To help Canadian investors access the world’s largest stock market, Fidelity Investments Canada ULC Wednesday announced the launch of new U.S. mutual funds aimed at Canadian investors seeking income opportunities and diversification benefits in this market.
The new options include Fidelity U.S. Monthly Income Fund, Fidelity U.S. Dividend Fund (including a currency neutral version), as well a capital yield version of the Fidelity U.S. Monthly Income Fund.
“Today, macro-economic issues like the current low-interest environment and ongoing global economic uncertainties are top of mind for many investors.
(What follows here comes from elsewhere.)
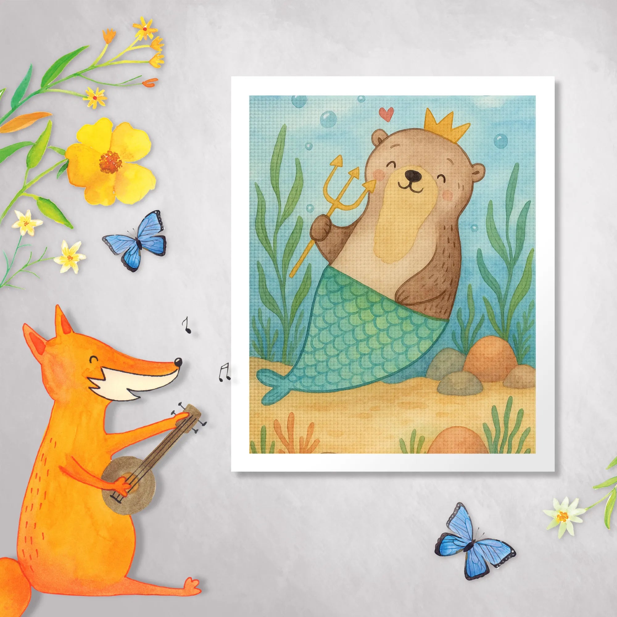 Step into the vibrant world of our Aquarius design, where fantasy blends with playful charm! Our featured otter, with its golden crown and gentle smile, is a delightful nod to the intuitive and free-spirited nature of this zodiac sign. The magical transition to a splendid mermaid tail, radiating blues and greens, further emphasizes the aquatic essence of Aquarius. Floating above is a soft heart, underscoring the loving vibe of the artwork. Ideal as a birthday present or a decorative touch for your home, this motif speaks volumes about individuality and positive energy. Delight your friends or family with a gift that not only brings joy but also acts as a daily reminder to embrace their uniqueness – together, let's celebrate the wonderful world of astrology!

These uncertainties can make it hard for anyone to focus on the long-term investments,” said Craig Strachan, vice president, head of product, Fidelity Investments Canada. “However, if investors look past these uncertainties we believe that there are positives in the markets including the health of corporate America.”
The U.S. market has many stable high quality companies with strong global brands. Interbrand’s survey of the best global brands illustrates the dominance of the U.S. – the top eight brands were all U.S. companies, as were 14 of the top 20.
Fidelity U.S. Dividend Fund
Fidelity U.S. Dividend Fund leverages the depth and breadth of Fidelity’s fundamental research coverage to identify high-quality U.S. dividend paying equities. The fund is designed as a core holding that provides Canadian investors the potential for capital appreciation and income. The asset class and the U.S. dollar exposure that the fund provides offer great diversification benefits for Canadian investors.
“Investing with a focus on dividend-paying stocks has historically delivered a number of desirable outcomes,” said Strachan. “Many companies in the U.S. currently have a high level of cash on their balance sheets, which may increase their capacity to pay dividends. Given these conditions, we believe this is an excellent time for Canadians to look at U.S. dividend fund options for their portfolios.”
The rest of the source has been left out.